### Task item
The line containing "今朝は、霜の降りる寒い朝でした。それでも生徒は元気に登校しました。" marks the start of the required copy, which runs to the final line of the entries; return those lines exactly, without any pictures.

START Records for the task

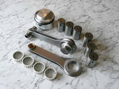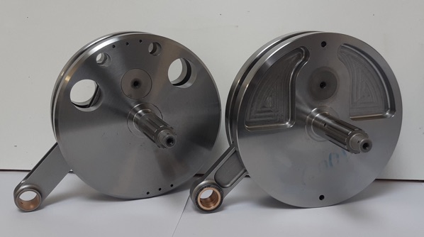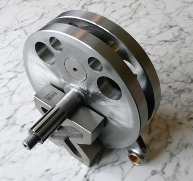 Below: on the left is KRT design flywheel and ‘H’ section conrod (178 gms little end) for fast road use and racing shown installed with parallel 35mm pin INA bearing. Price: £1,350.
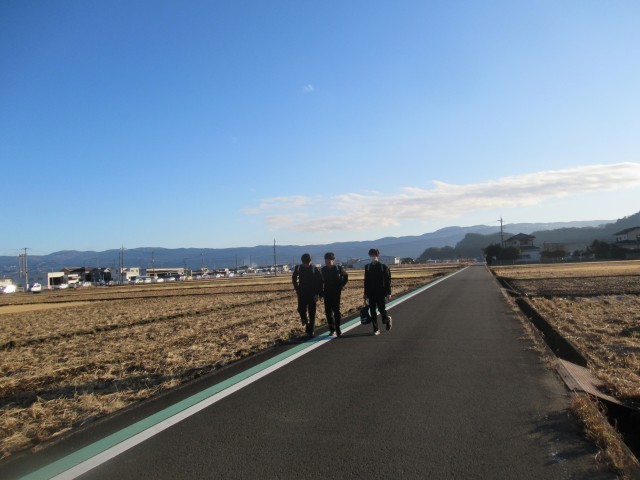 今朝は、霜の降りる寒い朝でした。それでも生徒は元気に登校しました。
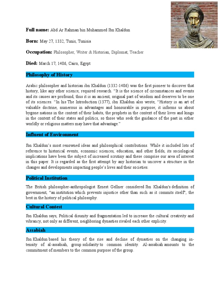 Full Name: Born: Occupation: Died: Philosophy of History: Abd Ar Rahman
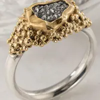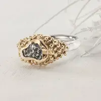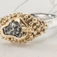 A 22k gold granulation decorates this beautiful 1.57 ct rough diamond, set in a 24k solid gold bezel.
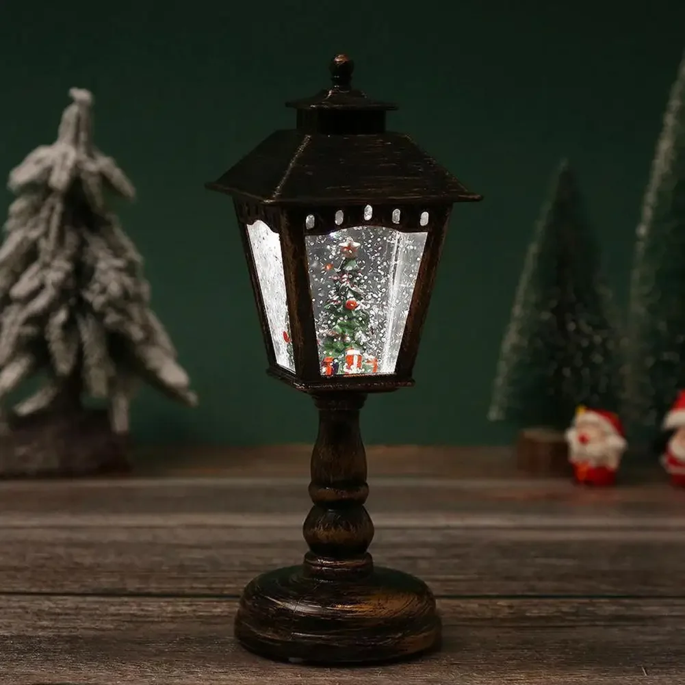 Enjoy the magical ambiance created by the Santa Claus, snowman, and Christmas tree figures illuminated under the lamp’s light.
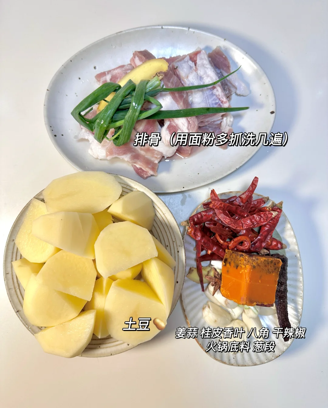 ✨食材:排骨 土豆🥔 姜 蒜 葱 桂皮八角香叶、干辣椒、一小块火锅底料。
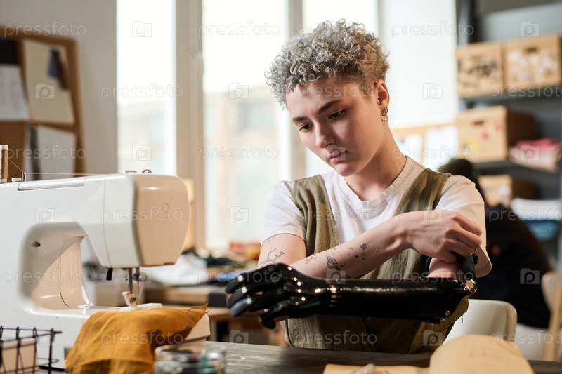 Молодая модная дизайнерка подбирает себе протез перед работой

END Records for the task

### Response to this exercise
 今朝は、霜の降りる寒い朝でした。それでも生徒は元気に登校しました。
 Full Name: Born: Occupation: Died: Philosophy of History: Abd Ar Rahman
 A 22k gold granulation decorates this beautiful 1.57 ct rough diamond, set in a 24k solid gold bezel.
 Enjoy the magical ambiance created by the Santa Claus, snowman, and Christmas tree figures illuminated under the lamp’s light.
 ✨食材:排骨 土豆🥔 姜 蒜 葱 桂皮八角香叶、干辣椒、一小块火锅底料。
 Молодая модная дизайнерка подбирает себе протез перед работой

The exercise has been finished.